People use different blends, varying from 10% grease and 90% petro-diesel to 90% vegetable oil and 10% petro-diesel. Some individuals just use it that method, launch and go, without pre-heating it (which makes veg-oil much thinner), or even utilize pure veggie oil without pre-heating it, which would make it much thinner.


You may get away with it with an older Mercedes 5-cylinder IDI diesel, which is an extremely difficult and tolerant motor-- it will not like it however you most likely won't eliminate it. Otherwise, it's not sensible.


To do it correctly you'll require what amounts to an SVO system with fuel pre-heating anyhow, ideally using pure petro-diesel or biodiesel for starts and stops. (See next.) In which case there's no need for the blends.

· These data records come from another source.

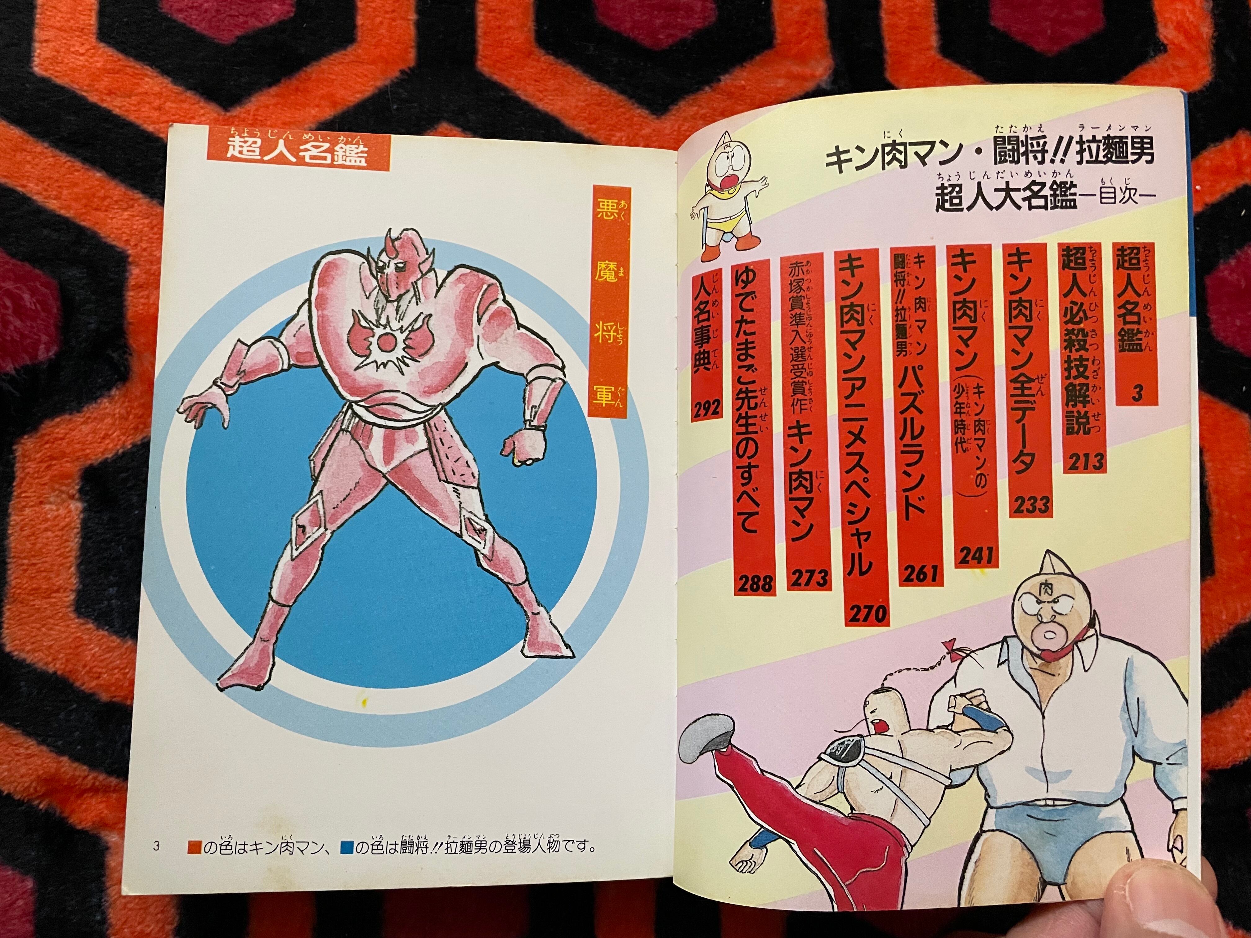 「キン肉マン」「闘将!拉麺男」に出てくる超人の中からゆでたまご先生が選んだ105人を中心に、超人の必殺技、キン肉マン全データや赤塚賞に準入選したデビュー作など収録。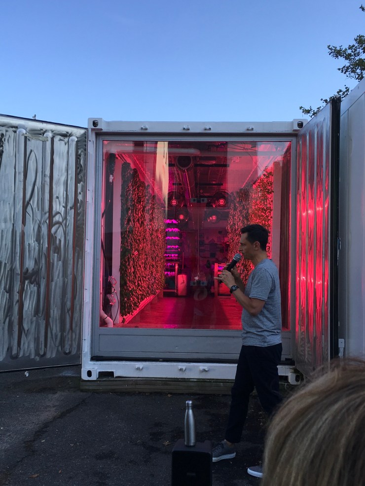 This is Square Roots. I went to a presentation they made last night. They have a 20 acre farm operating in a parking lot in Brooklyn. Their “farm” consists of 10 insulated shipping containers with high tech systems set up in each for hydroponic farming.
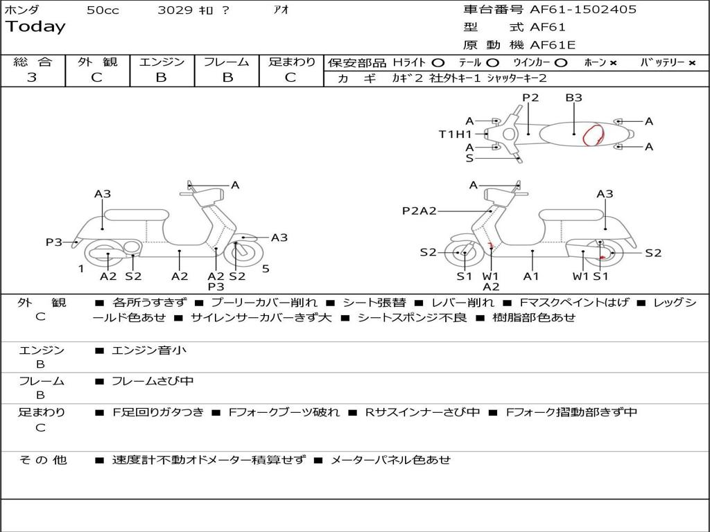 | Номер рамы / VIN | AF61-1502405 |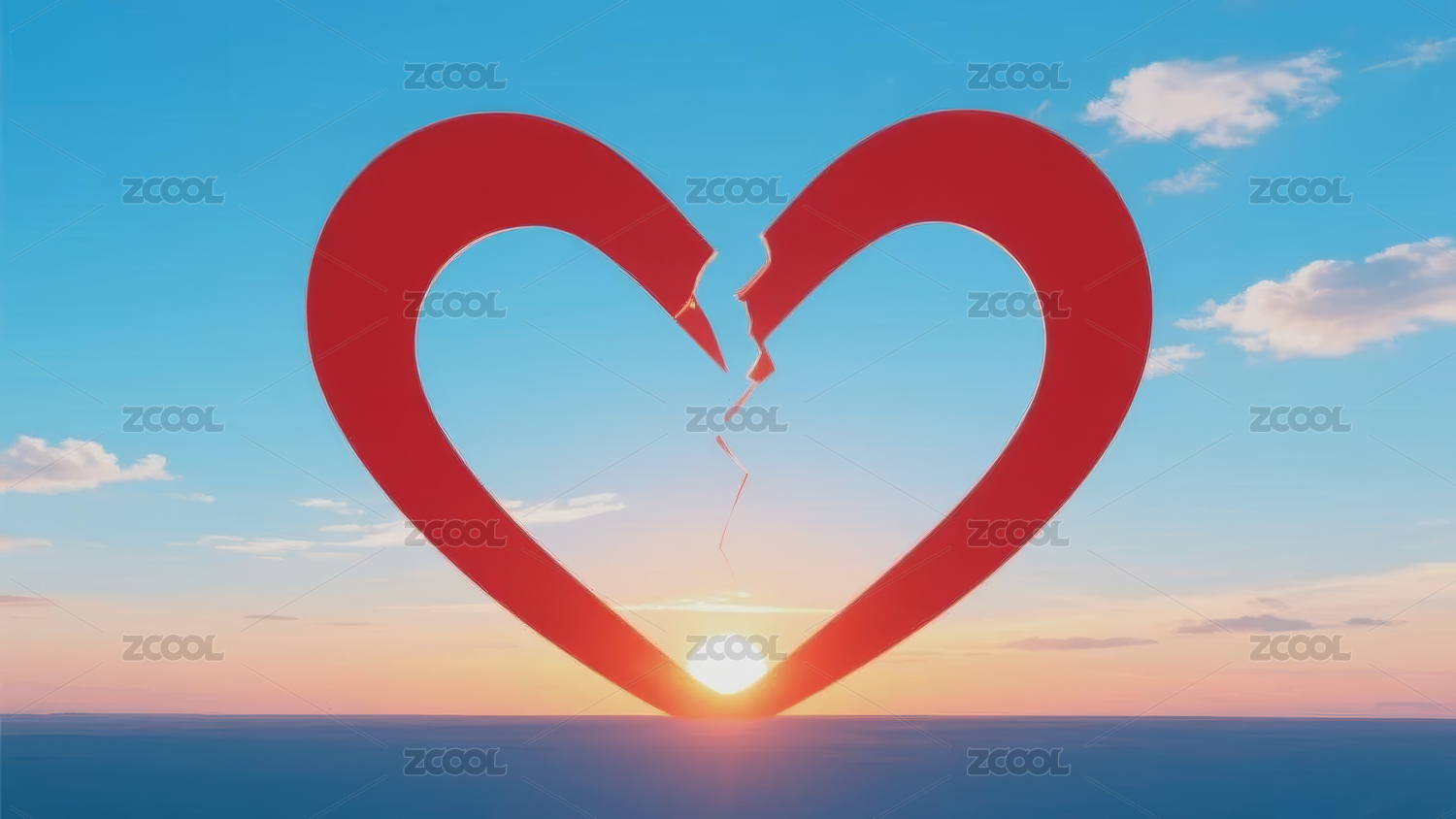 红色心形物体中间裂开一道缝隙
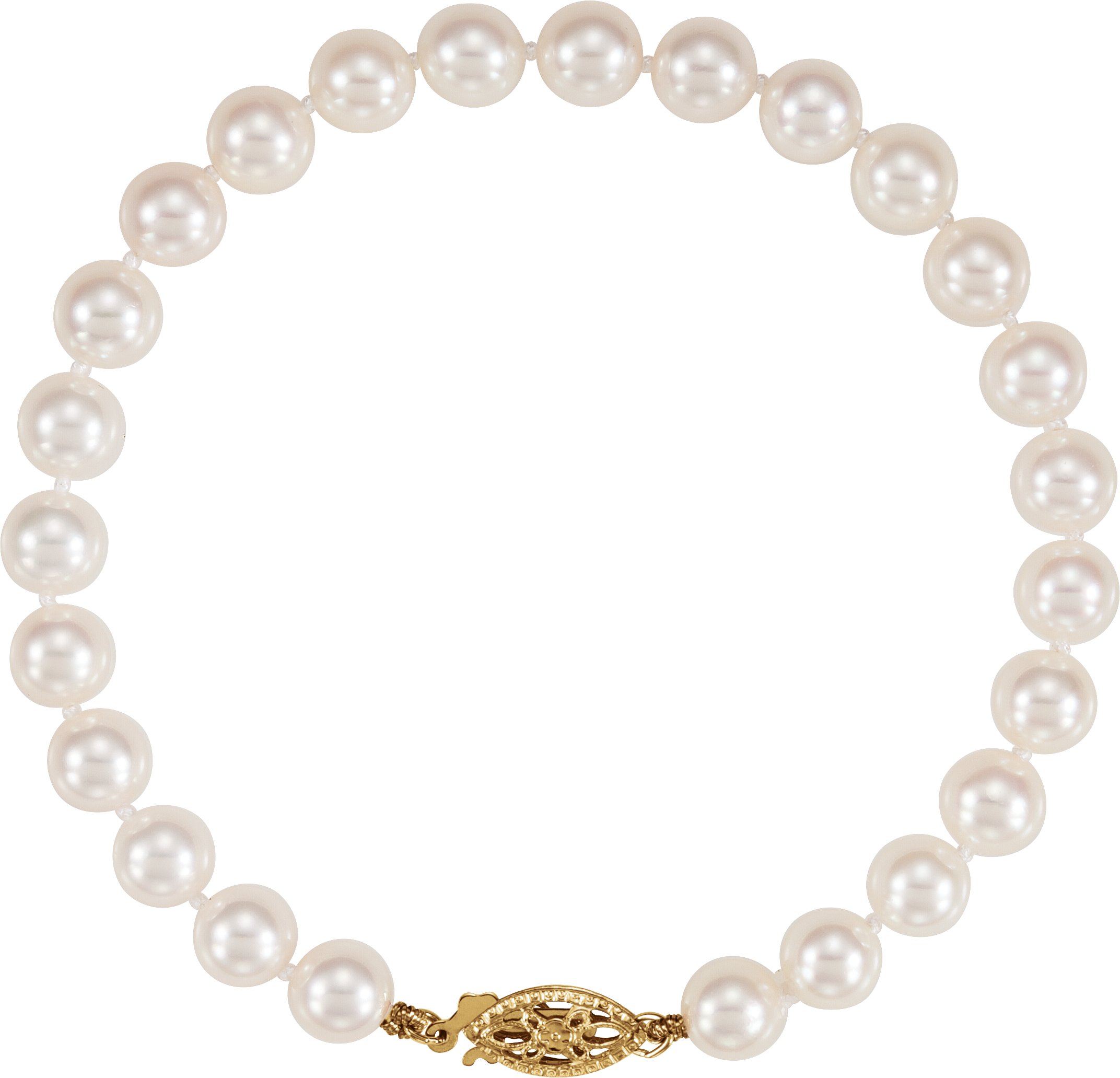 14K Yellow 6 6.5 mm Akoya Cultured Pearl 7 inch Bracelet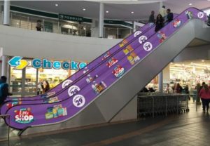 DESCRIPTION : Centurion Lifestyle centre. Corner of Lenchen ave and Old Johannesburg rd, Centurion - ESCALATORS & WALL SIGN - Package . Located directly outside Checkers entrance, within the banking court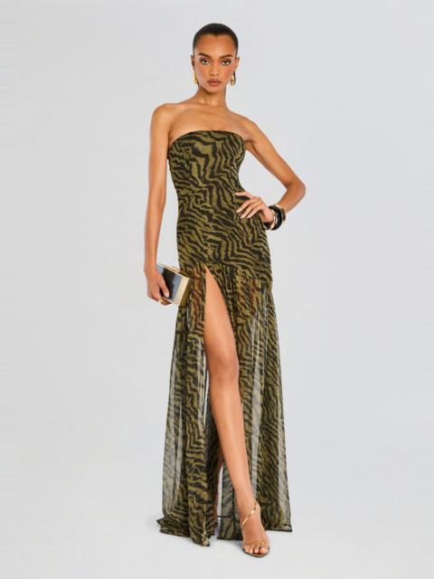 This strapless maxi dress features a tropical leaf print with bias-cut, frayed panels throughout the bodice, and a romantic, sheer skirt. A zipper located on the side completes the look. Shown here in Tropical Leaf. - 100% Silk - Made in China - Model is 5'11" wearing size XS - Style No. FW22-5555

Blends with numerous solvents and/or with unleaded fuel are "experimental at best", little or absolutely nothing is learnt about their effects on the combustion attributes of the fuel or their long-lasting results on the engine.


Higher viscosity is not the only issue with utilizing vegetable oil as fuel. Veg-oil has various chemical homes and combustion attributes from the petroleum diesel fuel for which diesel motor and their fuel systems are developed.


Diesel engines are modern machines with very exact fuel requirements, specifically the more contemporary, cleaner-burning diesels (see The TDI-SVO debate).


They are difficult but they'll just take so much abuse. There's no assurance of it, but using a mix of as much as 20% veg-oil of great quality is said to be safe enough for older diesels, especially in summer.


Otherwise using veg-oil fuel requires either a professional SVO option or biodiesel. Mixes and blends are usually a poor compromise. But mixes do have a benefit in winter.


Similar to biodiesel, some kerosene or winterised petro-diesel fuel combined with straight veggie oil lowers the temperature level at which it begins to gel. (See Using biodiesel in winter) More about fuel blending and blends.